- **WHAT THE TASK ASKS**: Omit pictures and quote the listing below line by line, from its start through the line that holds "Потом мы шли".

━━━━━ PROVIDED DATA

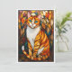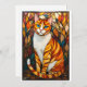 Stained Glass Style Orange Cat Blue Eyes Flat Card
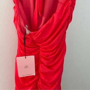 HELLO MOLLY NIGHTS IN IOS HALTER MINI DRESS CORAL size 8 large NWT
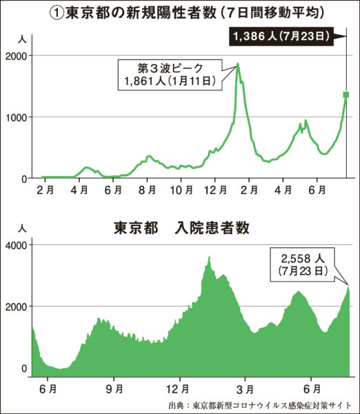 6 月半ばから増加を見せていた東京都内の新規感染者数は、五輪開会式前日の22日には1979人に達した。1900人をこえるのは1月15日(2044人)以来。23日現在の直近7日間の平均は1386人となり、前週比で146・5%となった【グラフ①参照】。24日現在の入院患者数は2638人で、重症者は74人。病床使用率は中等症病床で44%、重症病床で19%。ホテルを活用した宿泊療養施設も不足しており、陽性者のうち自宅療養者は5460人、入院・療養等調整中(自宅隔離)は2031人に膨れあがっている。
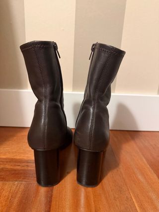Botines de piel de Mango, sin estrenar. - Color marrón. - Talla 37. - Tacón.
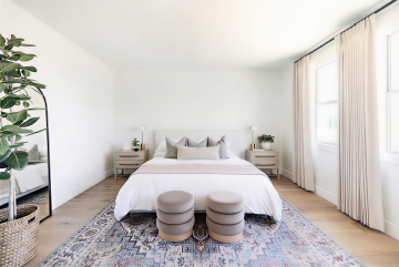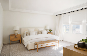 一张现代简约风格的卧室设计图,整体色调为温暖的米白色和浅木色,搭配柔和的自然光线从大窗户洒入,营造出宁静舒适的氛围。房间内有一张铺着白色条纹床单的双人床,床头摆放着简约的床头柜和台灯,床尾处铺着一张米白色的地毯。房间的另一侧是一个白色的梳妆台,上面摆放着一些绿植和装饰品。墙面采用了简约的线条设计,整体空间布局合理,家具摆放整齐有序。
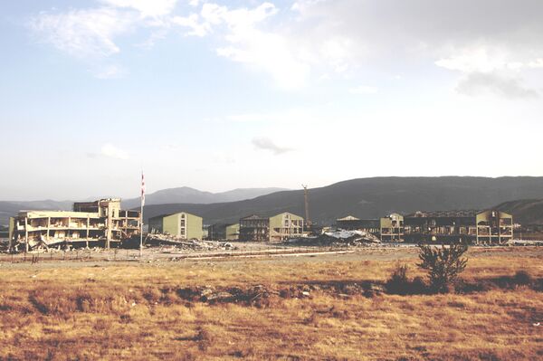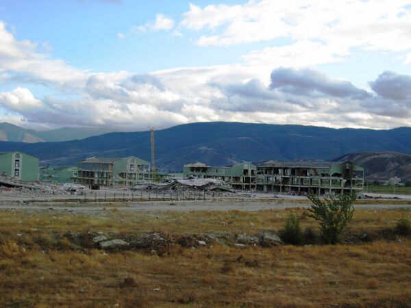 Потом мы шли по лестнице и входили во все дверные проёмы подряд — большинство дверей сорвало с петель. Квартира Джимшера, можно сказать, уцелела: в стареньком серванте даже осталась пара целеньких стаканов, а соседняя выгорела дотла. С балкона Джимшер указал на воинскую часть, которая и была целью авианалёта. Из десятка строений пострадало одно. Остальные три бомбы угодили в жилые дома. Сколько всего человек погибло, точно никто не знает, говорят, что 10-15[4].
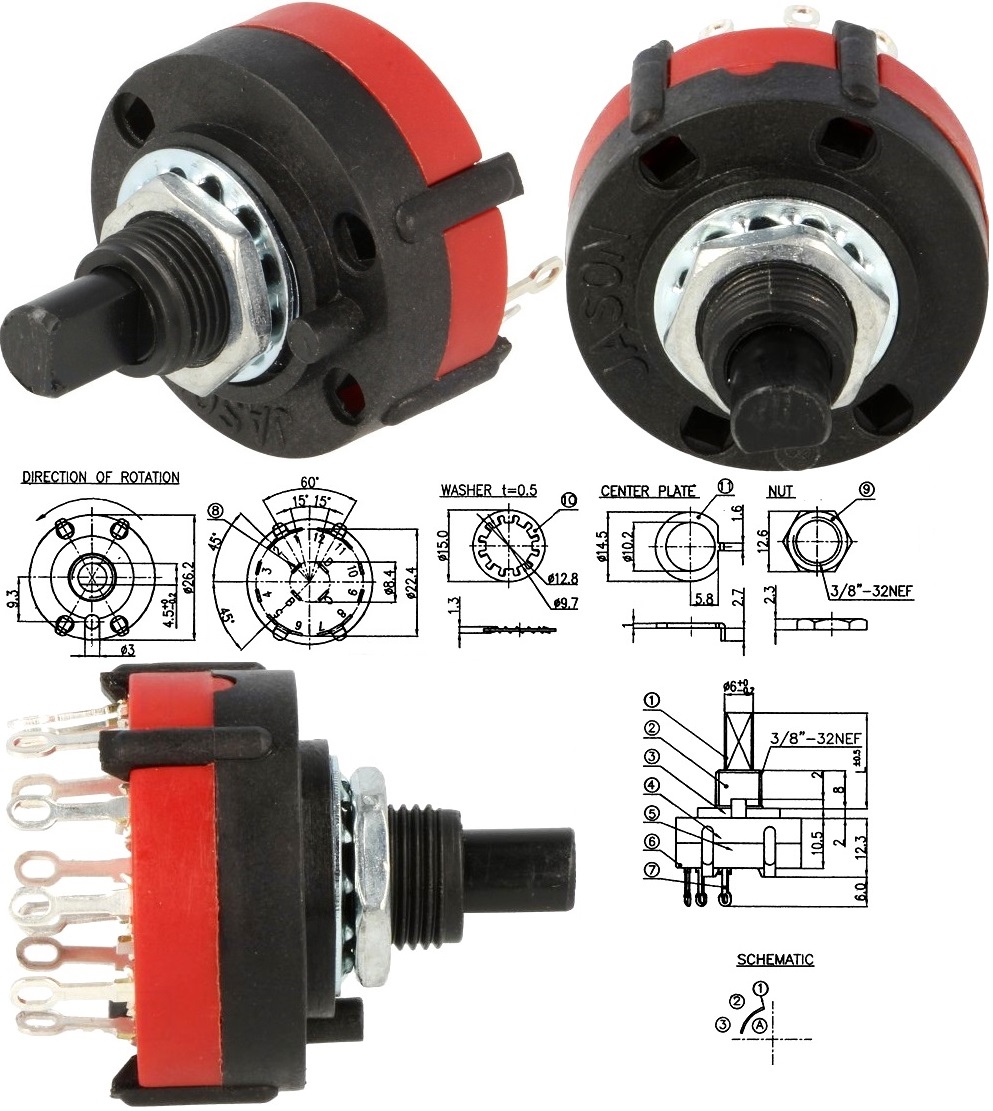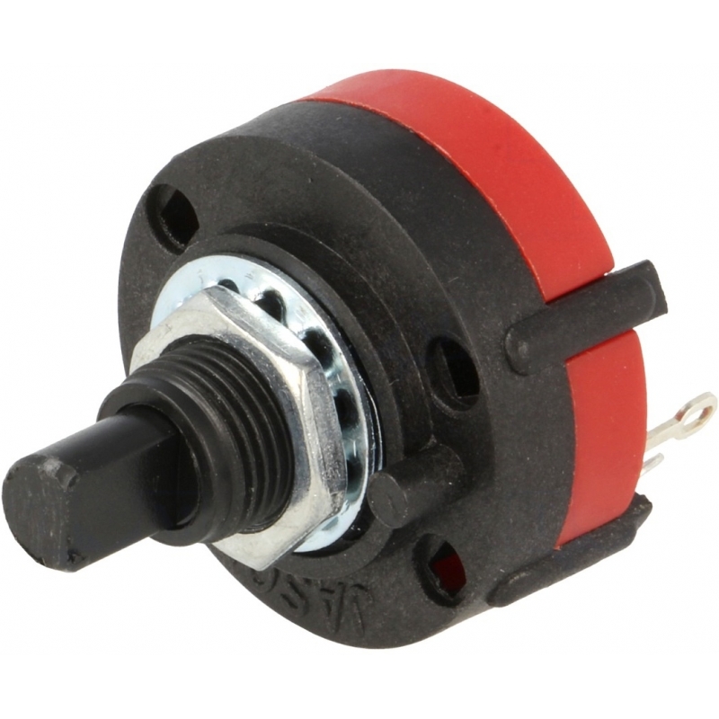 Los conmutadores rotativos son interruptores que se montan en paneles de control de dispositivos y circuitos electrónicos, para conmutar o cambiar un circuito. Los modelos más usuales disponen 1 hasta 12 posiciones y 1 circuito. en este caso tenemos de montaje vertical a PCB

━━━━━━━━━━

- **WORKED SOLUTION**:
 Stained Glass Style Orange Cat Blue Eyes Flat Card
 HELLO MOLLY NIGHTS IN IOS HALTER MINI DRESS CORAL size 8 large NWT
 6 月半ばから増加を見せていた東京都内の新規感染者数は、五輪開会式前日の22日には1979人に達した。1900人をこえるのは1月15日(2044人)以来。23日現在の直近7日間の平均は1386人となり、前週比で146・5%となった【グラフ①参照】。24日現在の入院患者数は2638人で、重症者は74人。病床使用率は中等症病床で44%、重症病床で19%。ホテルを活用した宿泊療養施設も不足しており、陽性者のうち自宅療養者は5460人、入院・療養等調整中(自宅隔離)は2031人に膨れあがっている。
Botines de piel de Mango, sin estrenar. - Color marrón. - Talla 37. - Tacón.
 一张现代简约风格的卧室设计图,整体色调为温暖的米白色和浅木色,搭配柔和的自然光线从大窗户洒入,营造出宁静舒适的氛围。房间内有一张铺着白色条纹床单的双人床,床头摆放着简约的床头柜和台灯,床尾处铺着一张米白色的地毯。房间的另一侧是一个白色的梳妆台,上面摆放着一些绿植和装饰品。墙面采用了简约的线条设计,整体空间布局合理,家具摆放整齐有序。
 Потом мы шли по лестнице и входили во все дверные проёмы подряд — большинство дверей сорвало с петель. Квартира Джимшера, можно сказать, уцелела: в стареньком серванте даже осталась пара целеньких стаканов, а соседняя выгорела дотла. С балкона Джимшер указал на воинскую часть, которая и была целью авианалёта. Из десятка строений пострадало одно. Остальные три бомбы угодили в жилые дома. Сколько всего человек погибло, точно никто не знает, говорят, что 10-15[4].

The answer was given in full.